TASK DATA:
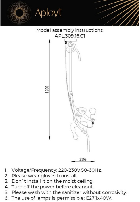 Осветительный прибор создан в стиле Модерн. Применяются лампы цоколя E27 мощностью 40 Вт, в количестве 1 шт.
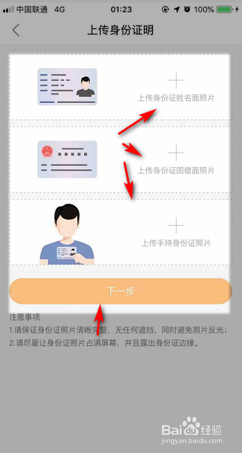 进步前辈行账号验证后,上传小我的身份证实后,点击下一步
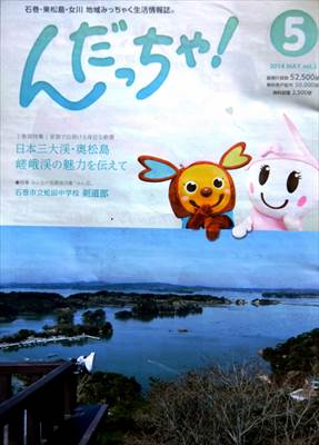 まずは地元石巻日日新聞が発行する「んだっちゃ!5月号」。東松島、石巻、女川地区に無料配布される生活情報誌の巻頭特集に、ベテラン船長である阿部守忠船長のインタビュー記事が4ページにわたって掲載されました。
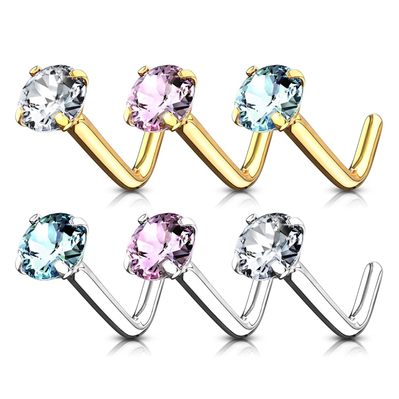 Esta joya para la nariz está doblada más o menos por la mitad de la barra, lo que asegura que la joya se mantenga bien en su sitio, sin que haya la posibilidad de que se pueda salir ni caer. El diseño es muy inteligente y práctico, más que cualquier otra simple barra para la nariz.
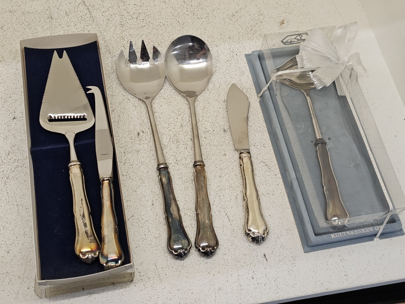 #1357 Erä hopeisia chippendale -ottimia Osuuspankki -logolla
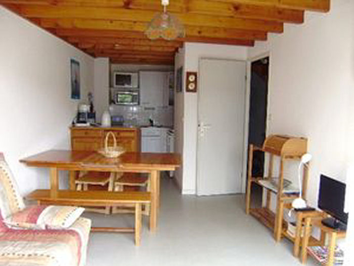Appartement 2 pièces pour 2/4 personnes, de 35m², composé d'une entrée avec placard, d'un séjour avec canapé clic-clac (2 personnes), une kitchenette, une chambre avec un lit double, une salle de bains avec douche et des WC séparés.L'appartement dispose également d'une jardin clos et d'une place de parking numérotée.
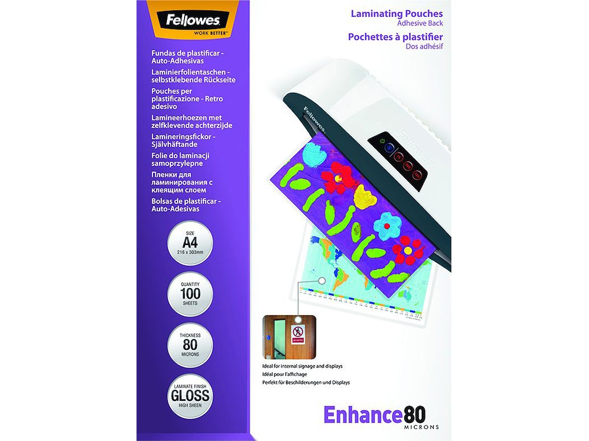 Lamineringslommer, A4, 216x303 mm, 80 micron, Fellowes Selvklæbende bagside Gloss
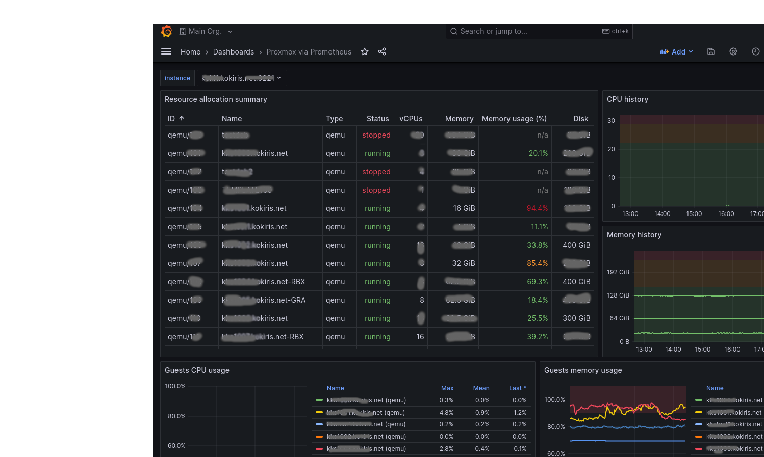 Précédement assurée par le couple Telegraf/InfluxDB, c’est dorénavant la stack Prometheus/Grafana épaulé par Consul qui modernise la métrologie chez Kokiris.

TASK STATEMENT:
If an entry above holds a picture, leave that picture out and print the rest exactly.

SOLUTION:
 Осветительный прибор создан в стиле Модерн. Применяются лампы цоколя E27 мощностью 40 Вт, в количестве 1 шт.
 进步前辈行账号验证后,上传小我的身份证实后,点击下一步
 まずは地元石巻日日新聞が発行する「んだっちゃ!5月号」。東松島、石巻、女川地区に無料配布される生活情報誌の巻頭特集に、ベテラン船長である阿部守忠船長のインタビュー記事が4ページにわたって掲載されました。
 Esta joya para la nariz está doblada más o menos por la mitad de la barra, lo que asegura que la joya se mantenga bien en su sitio, sin que haya la posibilidad de que se pueda salir ni caer. El diseño es muy inteligente y práctico, más que cualquier otra simple barra para la nariz.
 #1357 Erä hopeisia chippendale -ottimia Osuuspankki -logolla
Appartement 2 pièces pour 2/4 personnes, de 35m², composé d'une entrée avec placard, d'un séjour avec canapé clic-clac (2 personnes), une kitchenette, une chambre avec un lit double, une salle de bains avec douche et des WC séparés.L'appartement dispose également d'une jardin clos et d'une place de parking numérotée.
 Lamineringslommer, A4, 216x303 mm, 80 micron, Fellowes Selvklæbende bagside Gloss
 Précédement assurée par le couple Telegraf/InfluxDB, c’est dorénavant la stack Prometheus/Grafana épaulé par Consul qui modernise la métrologie chez Kokiris.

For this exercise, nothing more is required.